UN warns of ‘looming hunger catastrophe’ due to Russian blockade

Number of people classed as ‘acutely food insecure’ by UN before Covid was 130 million, but after Covid this number rose to 276 million

David Beasley said the current food affordability crisis is likely to turn into an even more dangerous food availability crisis next year unless solutions are found. Photograph: Patrick T Fallon/AFP/Getty Images
David Beasley said the current food affordability crisis is likely to turn into an even more dangerous food availability crisis next year unless solutions are found.
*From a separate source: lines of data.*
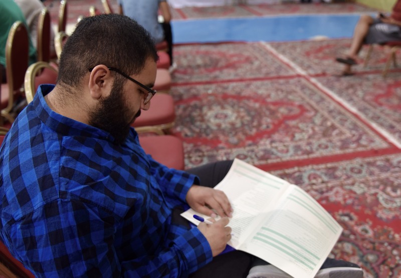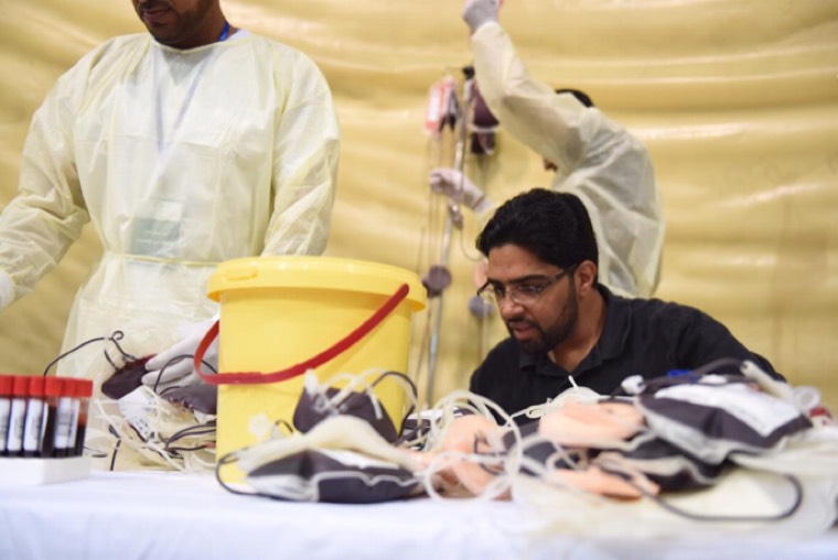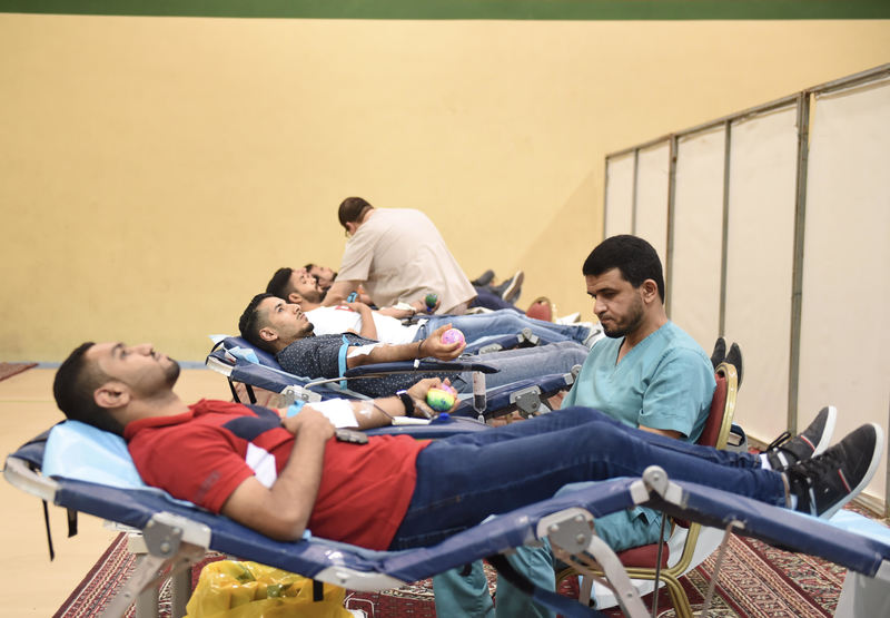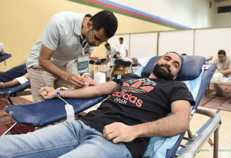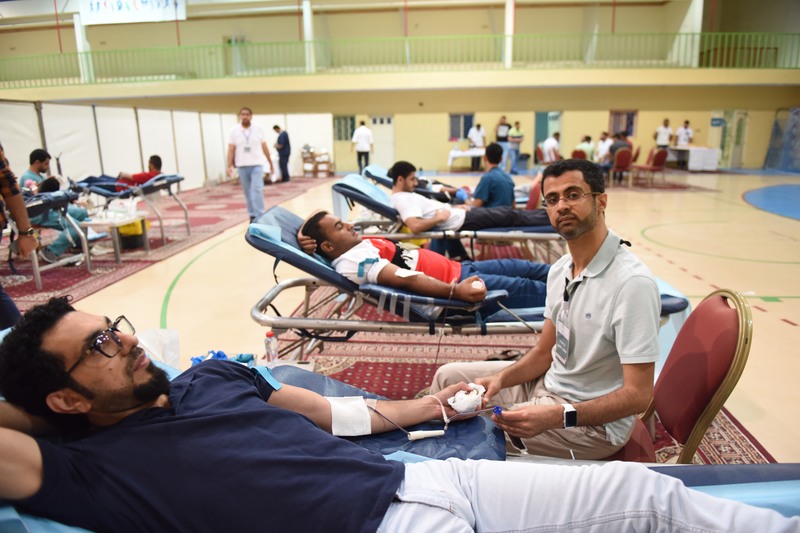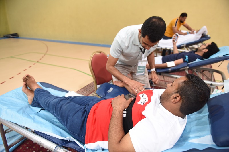 والتقط الزميل الشرقي صورا للشباب الذين توافدوا على صالة النادي ضمن الحملة التي جاءت بعنوان «انقذ نفسا فدمك دمهم».
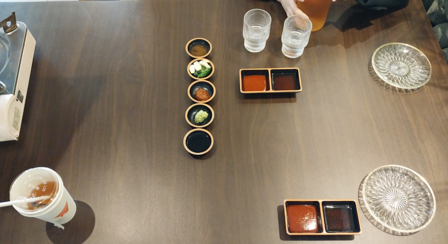 자리에 앉으면 소스와 물, 가스버너 등을 먼저 세팅해주십니다.
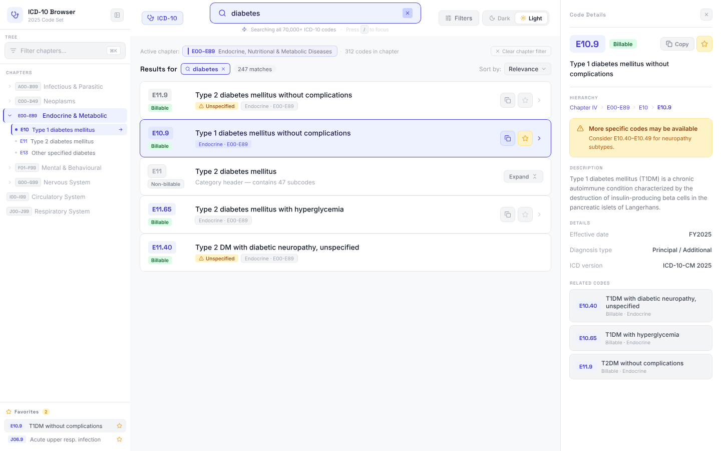 Search through 70,000+ ICD-10 codes in milliseconds. Find what you need before you finish typing.
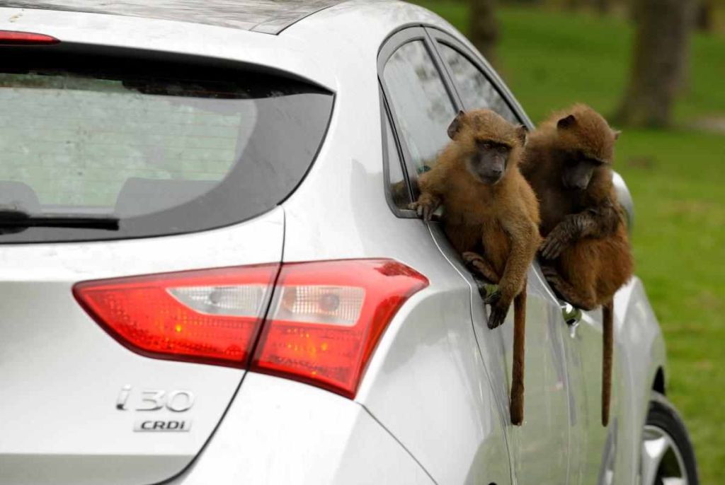 Baboons from Knowsley Safari Park were chosen for their well-known love of tearing park visitors’ cars apart – most famously Wayne Rooney’s vehicle when he visited the Merseyside attraction last year.
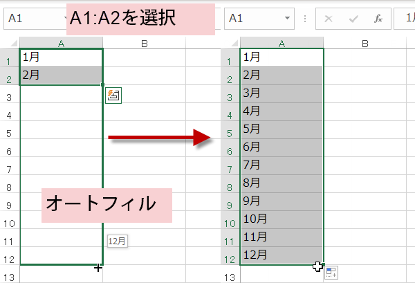 Selection.AutoFill Destination:=Range("A1:A12"), Type:=xlFillDefault
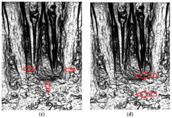 Example of assessment of a periapical lesion. (a) Entry digital intraoral radiographic image. (b) Differentiation of radiodensity in the lesion (different shapes are pointed out by the arrows). (c) Border definition (pointed out by small arrows). (d) Tissue contrast between lesion and the neighborhood (shown by the arrows).
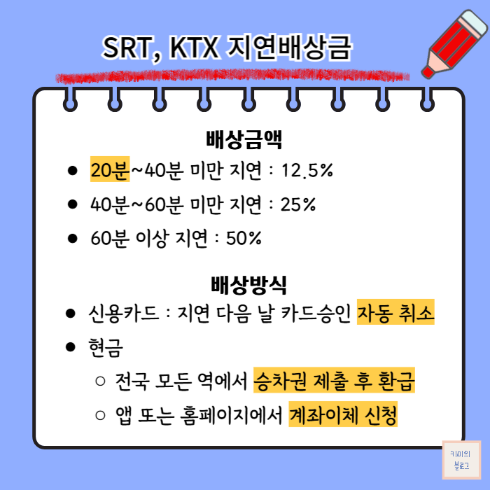 SRT와 KTX 지연배상금은 승차권을 결체한 수단으로 지연배상금이 반환되는 방식으로 지급됩니다.
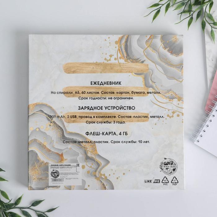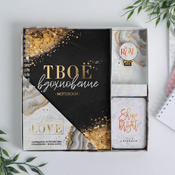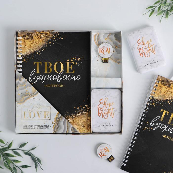 Набор флеш-карта, ежедневник, внешний аккумулятор 5000 mAh «Вдохновение», 21,5 х 21,5 см

Photograph: Patrick T Fallon/AFP/Getty Images

A looming hunger catastrophe is set to explode over the next two years, creating the risk of unprecedented global political pressure, the director of the UN World Food Programme has warned.

Calling for short- and long-term reforms — including an urgent lifting of the blockade on 25 million tonnes of Ukrainian grain trapped by a Russian blockade — David Beasley said the current food affordability crisis is likely to turn into an even more dangerous food availability crisis next year unless solutions are found.

The number of people classed as “acutely food insecure” by the UN before the Covid crisis was 130 million, but after Covid this number rose to 276 million.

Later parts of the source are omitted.